CC BY-NC-ND 4.0 · Journal of Child Science 2017; 07(01): e42-e53
DOI: 10.1055/s-0037-1603894
Review Article
Georg Thieme Verlag KG Stuttgart · New York

Pediatric Sepsis: Clinical Markers

S. Szima
1   Department of Pediatrics, Medical Center Coburg, Academic Hospital of the University of Split, Coburg, Germany
,
G. Balazs
2   Institute of Pediatrics, Clinical Center, University of Debrecen, Debrecen, Hungary
,
N. Elek
2   Institute of Pediatrics, Clinical Center, University of Debrecen, Debrecen, Hungary
,
P. Dahlem
1   Department of Pediatrics, Medical Center Coburg, Academic Hospital of the University of Split, Coburg, Germany
› Institutsangaben
Weitere Informationen

Publikationsverlauf

28. April 2017

30. April 2017

Publikationsdatum:
26. Juli 2017 (online)

Abstract

Pediatric sepsis can be caused by infection agents such as viruses, bacteria, protozoa, or their toxins. Clinical features cover a remarkably wide spectrum. Early recognition of the disease and prompt initiation of therapy substantially improve mortality and the outcome of potential complications. After an initial phase of very mild symptoms, the spread of microbes or toxins in the bloodstream presents as septic shock through vasoregulatory disturbance, absolute or relative intravascular volume loss, and consequential tachycardia and hypotension.
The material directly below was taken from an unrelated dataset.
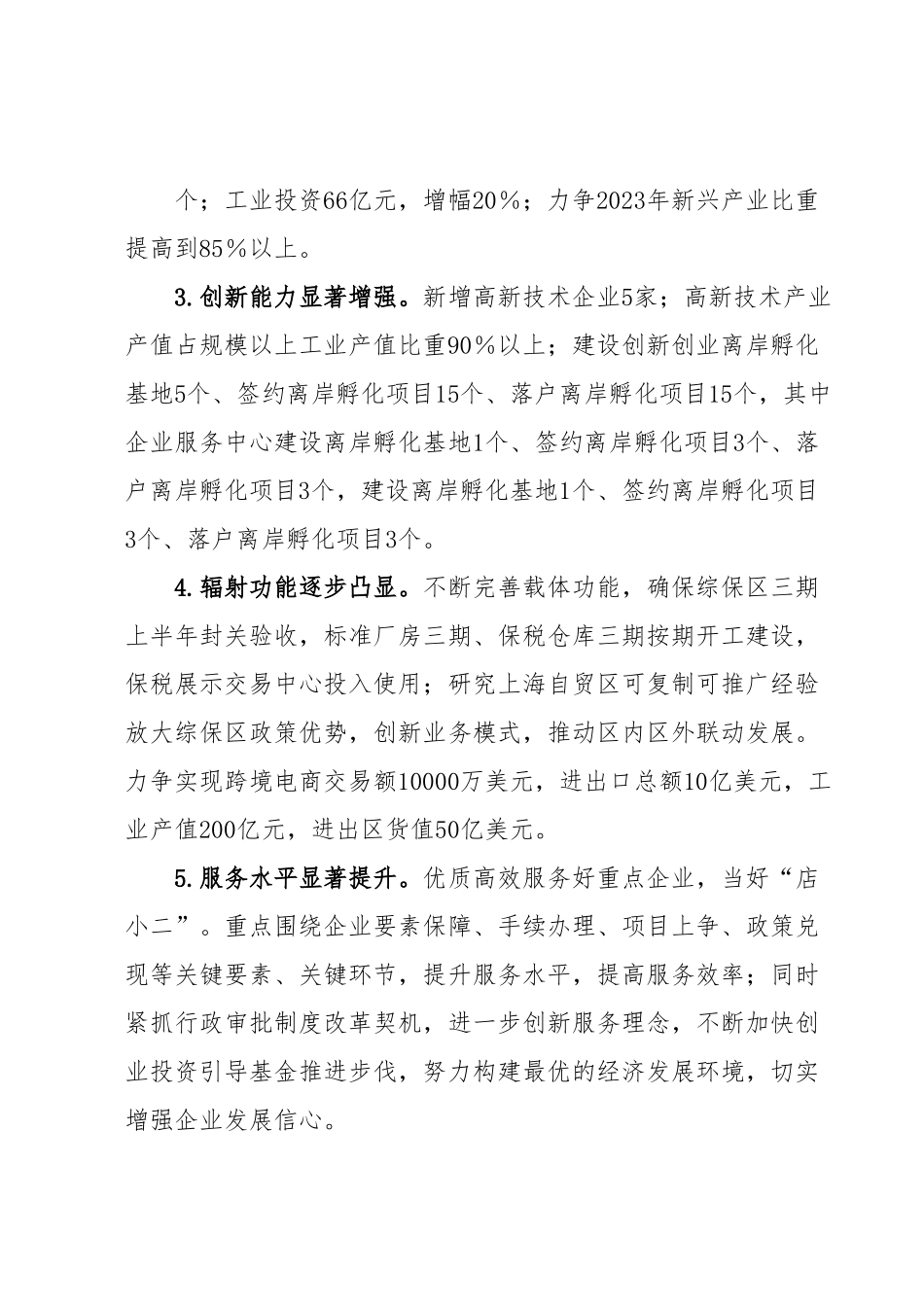 在全区经济工作务虚会上的交流发言2023年是实施“十四五”规划第三个年头,也是我区加快打造特色产业、推动经济转型发展的关键之年。根据会议通知要求现将全年经济工作思路、目标、措施汇报如下:一、工作思路深入贯彻党的XX大、中央经济工作会议精神,全面落实省、市、区相关要求,坚持以质量和效益为中心,以创新和转型为重点,不断提升产业层次、做优产业特色、做大经济总量,加快实现千亿级产业园区发展目标,为全区领先发展、率先发展作出新贡献。二、工作目标1.经济总量稳步提升。力争实现规模以上工业产值500亿元,增幅20%;规模以上工业增加值100亿元;规模以上工业主营业务收入450亿元,增幅20%;工业利税40亿元,增幅20%;工业利润30亿元,增幅20%;净增规模以上工业企业5家(新增规模以上工业企业6家);工业企业所属期一般纳税人开票销售25-亿元,增幅20%;实现进出口总额10亿美元,增幅20%。2.产业集聚明显加快。紧紧围绕电子信息和高端装备制造业做大做强新兴产业。新签约亿元以上产业项目10个;新开工亿元以上产业项目30个;新竣工亿元以上产业项目15个;工业投资66亿元,增幅20%;力争2023年新兴产业比重提高到85%以上。3.创新能力显著增强。新增高新技术企业5家;高新技术产业产值占规模以上工业产值比重90%以上;建设创新创业离岸孵化基地5个、签约离岸孵化项目15个、落户离岸孵化项目15个,其中企业服务中心建设离岸孵化基地1个、签约离岸孵化项目3个、落户离岸孵化项目3个,建设离岸孵化基地1个、签约离岸孵化项目3个、落户离岸孵化项目3个。4.辐射功能逐步凸显。不断完善载体功能,确保综保区三期上半年封关验收,标准厂房三期、保税仓库三期按期开工建设,保税展示交易中心投入使用;研究上海自贸区可复制可推广经验放大综保区政策优势,创新业务模式,推动区内区外联动发展。力争实现跨境电商交易额10000万美元,进出口总额10亿美元,工业产值200亿元,进出区货值50亿美元。5.服务水平显著提升。优质高效服务好重点企业,当好“店小二”。重点围绕企业要素保障、手续办理、项目上争、政策兑现等关键要素、关键环节,提升服务水平,提高服务效率;同时紧抓行政审批制度改革契机,进一步创新服务理念,不断加快创业投资引导基金推进步伐,努力构建最优的经济发展环境,切实增强企业发展信心。三、工作措施1.聚焦“两大特色产业”,全力推进重大项目建设。坚定不移把项目大突破作为工作的头版头条,一手抓落地开工一手抓竣工达产。一是突出一批签约项目抓开工。重点推进供电公司总部经济项目、南厂区项目开工建设,按序时完成形象进度,确保春节前主体开工建设;同时重点抓好无人靶机项目、高端连接器产业化项目等一批产业提升项目,加快推进建设进度,促进项目能够尽快启动实施。二是突出一批开工项目抓竣工。重点抓好重大项目推进,确保上半年所有厂房全面竣工并投入使用促进项目产能全面释放;同时加快推进XX项目建设进度,确保年底主体全面竣工,明年一季度前竣工达产。三是突出一批中小项目抓规模。认真梳理现有入驻标准厂房的生产企业,想方设法帮助企业开拓市场,解决企业资金瓶颈,及时强化统计指导,促进企业扩大产能,快速发展上规模。2.坚持“三个不相信”,全力提升企业服务水平。重点突出关键要素、关键环节抓服务,努力构建最优的经济发展环境。一是围绕土地保障抓服务。全面梳理项目开工需求,及早争取土地指标,按照时间要求,保障重大项目用地需要。二是围绕手续办理抓服务。随着重大项目投产进入倒计时,工作重点将从“项目现场问题和矛盾的协调”及时转移到“相关规划、建设许可证及消防、环保、质监验收”上面来,确保重大项目在投产前完成所有审批手续,保证重大项目顺利竣工、按期投产。三是围绕创新创业抓服务。坚持“走出去、请进来”,主动加强与科技、商务等部门衔接,与省内外高校、科研院所联系,充分利用高校、科研院所研发平台、重点实验室,结合我区产业特色大力推进科技孵化合作和产学研合作,提升我区产业层次,解决企业技术难题;积极引导区内企业与国内同行业前沿企业进行高位嫁接,同时加快实施企业“互联网+...

The most common accompanying symptom is fever. In physical examination, features such as altered mental status, excess respiratory effort, tachycardia, and prolonged capillary refill time are present at an early stage of the disease. Laboratory tests for the assessment of early stage severity and subsequent monitoring of treatment efficacy include point-of-care arterial blood gas analysis and lactate assay. In early stage disease, it is imperative to promptly start adequate antimicrobial and supportive treatment once bacterial cultures have been taken. Despite the availability of a wide range of laboratory and imaging tests today, diagnosis and severity assessment of sepsis still primarily rely on medical history and clinical examination. In light of this, it is possible for trained care providers to detect the early signs of a septic child during repetitive physical examinations. This is still the mainstay of diagnosis and can provide in all care settings a significant reduction in therapeutic delay; this, in turn, helps to reduce sepsis-related mortality and morbidity.